Physics of Protein Function and Evolution: From Sequence-Structure to Sequence-Ensemble Relationships

Hue Sun Chan
Departments of Biochemistry and Molecular Genetics Depts of Biochemistry and Molecular Genetics,University of Toronto
Thursday, November 30, 2017 - 4:10pm
McLennan Physical Labs, Room 102
Invited Speaker Seminar
How might new protein folds evolve without detrimental effects on the biological function performed by the existing native folded structure? Because a protein's conformational ensemble encompasses all possible conformations---not only the native fold, selection of "latent", "promiscuous" traits encoded by nonnative conformations while the original function is largely preserved can be an efficient route to new function. The "adaptive conflict" between the old fold and the new fold can then be resolved by gene duplication.
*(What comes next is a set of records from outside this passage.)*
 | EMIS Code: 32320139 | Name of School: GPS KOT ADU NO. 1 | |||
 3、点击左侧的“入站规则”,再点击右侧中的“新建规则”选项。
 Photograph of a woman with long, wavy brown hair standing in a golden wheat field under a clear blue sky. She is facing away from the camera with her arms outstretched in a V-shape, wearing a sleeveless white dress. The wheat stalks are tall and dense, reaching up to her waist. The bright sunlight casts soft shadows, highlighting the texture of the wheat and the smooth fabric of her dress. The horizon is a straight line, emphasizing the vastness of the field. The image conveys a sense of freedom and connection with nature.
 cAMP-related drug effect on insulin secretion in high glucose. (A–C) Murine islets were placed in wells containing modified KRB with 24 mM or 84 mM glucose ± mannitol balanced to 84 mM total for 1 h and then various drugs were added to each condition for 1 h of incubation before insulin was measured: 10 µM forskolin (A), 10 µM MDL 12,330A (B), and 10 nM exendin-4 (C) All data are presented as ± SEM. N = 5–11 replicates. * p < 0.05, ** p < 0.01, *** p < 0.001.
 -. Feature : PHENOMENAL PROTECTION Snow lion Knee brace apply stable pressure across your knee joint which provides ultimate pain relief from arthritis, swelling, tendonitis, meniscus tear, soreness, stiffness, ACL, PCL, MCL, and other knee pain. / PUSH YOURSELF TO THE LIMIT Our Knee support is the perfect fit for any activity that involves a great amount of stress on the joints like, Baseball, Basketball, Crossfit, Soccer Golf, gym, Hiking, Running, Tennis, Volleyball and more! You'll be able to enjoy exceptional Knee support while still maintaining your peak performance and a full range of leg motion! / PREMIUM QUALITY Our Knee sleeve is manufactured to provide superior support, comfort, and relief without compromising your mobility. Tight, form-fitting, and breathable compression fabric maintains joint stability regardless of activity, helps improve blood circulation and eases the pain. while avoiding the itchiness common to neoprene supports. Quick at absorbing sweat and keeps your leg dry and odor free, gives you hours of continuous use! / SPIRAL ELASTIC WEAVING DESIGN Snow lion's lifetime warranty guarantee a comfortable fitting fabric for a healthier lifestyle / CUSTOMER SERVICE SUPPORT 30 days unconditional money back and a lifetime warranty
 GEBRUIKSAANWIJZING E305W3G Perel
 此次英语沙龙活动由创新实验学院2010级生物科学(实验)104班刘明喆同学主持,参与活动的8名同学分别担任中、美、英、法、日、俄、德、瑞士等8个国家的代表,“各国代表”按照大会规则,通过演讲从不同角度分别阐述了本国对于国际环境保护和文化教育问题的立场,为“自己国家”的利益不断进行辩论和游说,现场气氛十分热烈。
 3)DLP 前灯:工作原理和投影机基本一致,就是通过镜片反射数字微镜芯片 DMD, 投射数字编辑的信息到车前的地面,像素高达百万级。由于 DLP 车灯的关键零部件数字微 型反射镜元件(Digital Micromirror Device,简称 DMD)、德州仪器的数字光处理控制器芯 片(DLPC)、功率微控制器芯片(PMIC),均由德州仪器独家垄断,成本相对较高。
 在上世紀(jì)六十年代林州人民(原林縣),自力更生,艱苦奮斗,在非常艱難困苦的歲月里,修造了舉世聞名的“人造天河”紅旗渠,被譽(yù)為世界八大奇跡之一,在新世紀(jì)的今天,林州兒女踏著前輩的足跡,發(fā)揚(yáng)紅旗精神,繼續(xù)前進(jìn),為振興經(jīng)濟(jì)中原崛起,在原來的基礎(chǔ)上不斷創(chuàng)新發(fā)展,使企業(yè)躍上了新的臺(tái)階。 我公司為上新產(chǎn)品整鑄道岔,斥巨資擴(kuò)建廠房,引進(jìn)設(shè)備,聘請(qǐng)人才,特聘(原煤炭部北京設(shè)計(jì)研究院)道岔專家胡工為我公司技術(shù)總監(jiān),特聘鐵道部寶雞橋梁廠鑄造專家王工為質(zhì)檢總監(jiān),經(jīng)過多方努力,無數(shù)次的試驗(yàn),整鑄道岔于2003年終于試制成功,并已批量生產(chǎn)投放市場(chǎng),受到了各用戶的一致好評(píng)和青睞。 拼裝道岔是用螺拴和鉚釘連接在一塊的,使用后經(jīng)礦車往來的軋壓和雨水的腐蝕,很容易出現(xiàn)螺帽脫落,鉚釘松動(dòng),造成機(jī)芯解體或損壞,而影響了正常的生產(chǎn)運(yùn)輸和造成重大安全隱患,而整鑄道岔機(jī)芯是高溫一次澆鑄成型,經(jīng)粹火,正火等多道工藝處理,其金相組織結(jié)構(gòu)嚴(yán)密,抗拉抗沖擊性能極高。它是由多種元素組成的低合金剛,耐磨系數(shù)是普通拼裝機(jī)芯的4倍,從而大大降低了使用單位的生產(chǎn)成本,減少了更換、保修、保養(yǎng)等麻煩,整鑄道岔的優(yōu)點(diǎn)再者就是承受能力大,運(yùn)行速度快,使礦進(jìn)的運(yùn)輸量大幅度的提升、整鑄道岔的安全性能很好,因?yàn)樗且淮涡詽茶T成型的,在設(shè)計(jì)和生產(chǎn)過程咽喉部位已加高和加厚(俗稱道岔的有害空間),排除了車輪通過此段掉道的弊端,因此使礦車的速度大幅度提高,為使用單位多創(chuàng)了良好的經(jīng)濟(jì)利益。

It should be noted, however, that not all proteins function as folded structures. Intrinsically disordered proteins (IDPs) also perform critical functions. Remarkably, some IDPs function collectively by undergoing liquid-liquid phase separation in and around living cells. The resulting high-IDP phases create their own IDP-rich compartments, such as the nucleolus, to provide specific stimuli for critical biological functions. To gain physical insights into these fascinating phenomena, I will discuss our recent efforts in using simple computational models and analytical theory to elucidate how new protein folds might have arisen in evolution and how biologically functional IDP phase separation is governed by their genetically-coded amino acid sequences.